Fanfare 2 (US)- "This release marks a major step forward in our understanding of Axel Borup-Jørgensen (1924—2012), whose music has so impressed me over the course of a number of releases".
November 21, 2017
Colin Clarke
BORUP-JØRGENSEN MARIN—An Animated Fantasy. AXEL—A Portrait Film Thomas Søndergård, cond; Danish Natl SO OUR Recordings 2.110426 (DVD: 58:24 + SACD: 79:29) & Selections by Borup-Jørgensen taken from previous releases
This release marks a major step forward in our understanding of Axel Borup-Jørgensen (1924—2012), whose music has so impressed me over the course of a number of releases. In Fanfare 40:4, I referred to a disc of his organ music as “a phenomenal release that rewards repeated listening” and placed it firmly on my 2017 Wants List, while a disc of guitar music in Fanfare 41:2 offered further cause for celebration.

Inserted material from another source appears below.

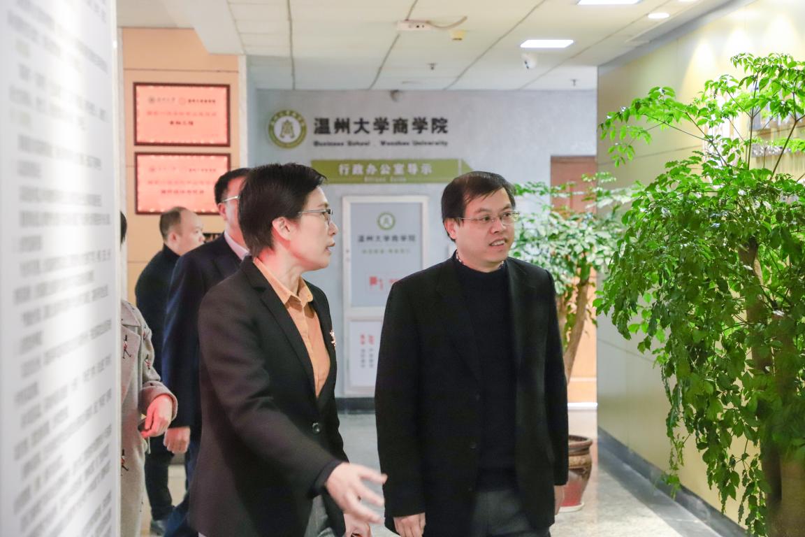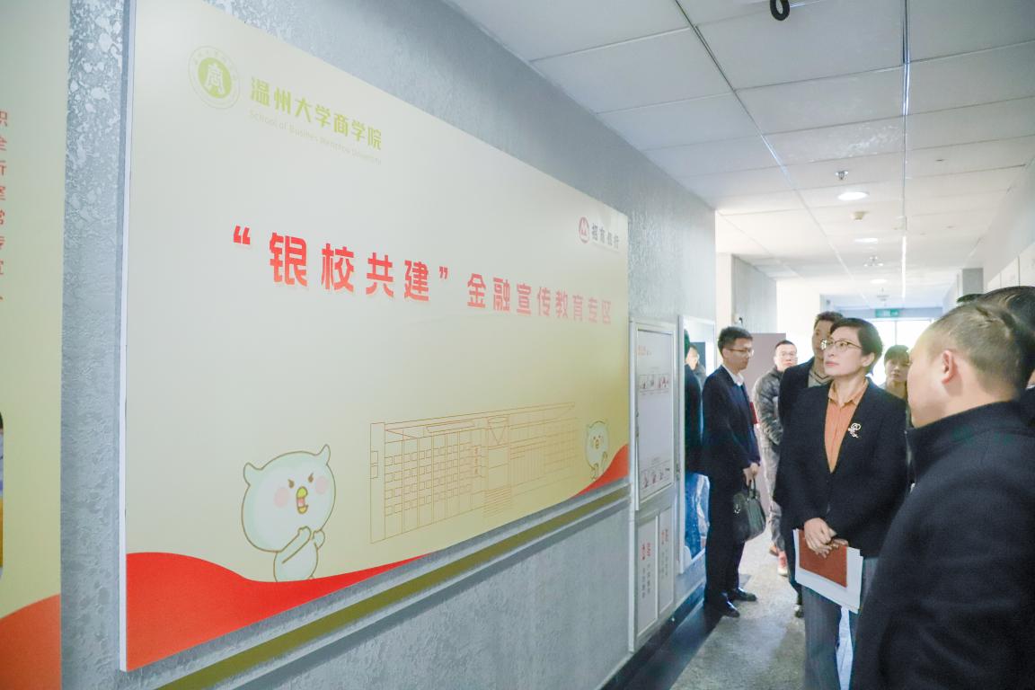 12月2日,中国人民银行温州市中心支行宋征威副行长、办公室主任李峰等一行实地察看了由温州大学商学院和招商银行温州分行共同申报的省级金融教育示范基地建设情况,并召开了验收会议。参加验收会议的还有招商银行温州分行副行长李永恩、办公室主任陈时蔓等。一行人首先来到位于温大北校区二楼北面的金融教育宣传专区(金融教育文化长廊),听取了温大商学院“银校共建“情况介绍。得知商学院通过党员金融公益宣讲团对高校大学生进行常态化金融宣讲后,宋行长表示,金融教育需要解决有效性和长效性问题,基地将金融教育融入党员教育管理,确保了金融教育的可持续性,弥补了银行人力的不足,做法非常好。

Although presented in the order of the animated fantasy MARIN followed by the documentary Axel, one might perhaps suggest the order is reversed in practice. The background is vital in that one gains an appreciation of the importance of Marin the piece in Borup-Jørgensen’s output—it is his most extended orchestral work. The film portrait, AXEL, is both affectionate and informed, a veritable roll-call of Danish luminaries paying tribute to Borup-Jørgensen, from Michala Petri through to Per Nørgård, Ib Nørholm, Bent Sørensen and Pelle Gudmundsen-Holmgreen. Most of all, though, we take away an impression of a composer who was above all honest in intent. A quiet man, he was nevertheless uncompromising in what he wanted. Family members are important, too, from the composer’s niece to his daughter, Elisabet Selin (who, along with Edition Borup-Jørgensen, funded the entire project).

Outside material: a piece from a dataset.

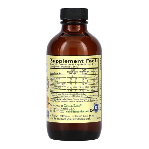Вітамін C ChildLife® — це смачна рідка добавка з натуральним апельсиновим смаком, яку зручно давати дітям будь-якого віку.

Glorious scenery makes up an important part of the imagery we see, as this was an important catalyst for the composer’s imagination, also: the op. 24 piece Sommasvit (1957), for example, was directly inspired by a lake. A description of Borup-Jørgensen as a “lyric expressionist” seems to hit the nail on the head. Insights are shown, too, on Borup-Jørgensen’s compositional processes, and his intensely visual nature. He was an artist, also, and apparently his analysis of Webern Variations was mainly pictorial in nature. So, whilst there is no denying the influence of Darmstadt Modernism on Borup-Jørgensen, one has to admire how he married this strong structural grasp with his lyricism (parallels to Alban Berg spring to mind); only at the very end of his life did he loosen this tightness of construction.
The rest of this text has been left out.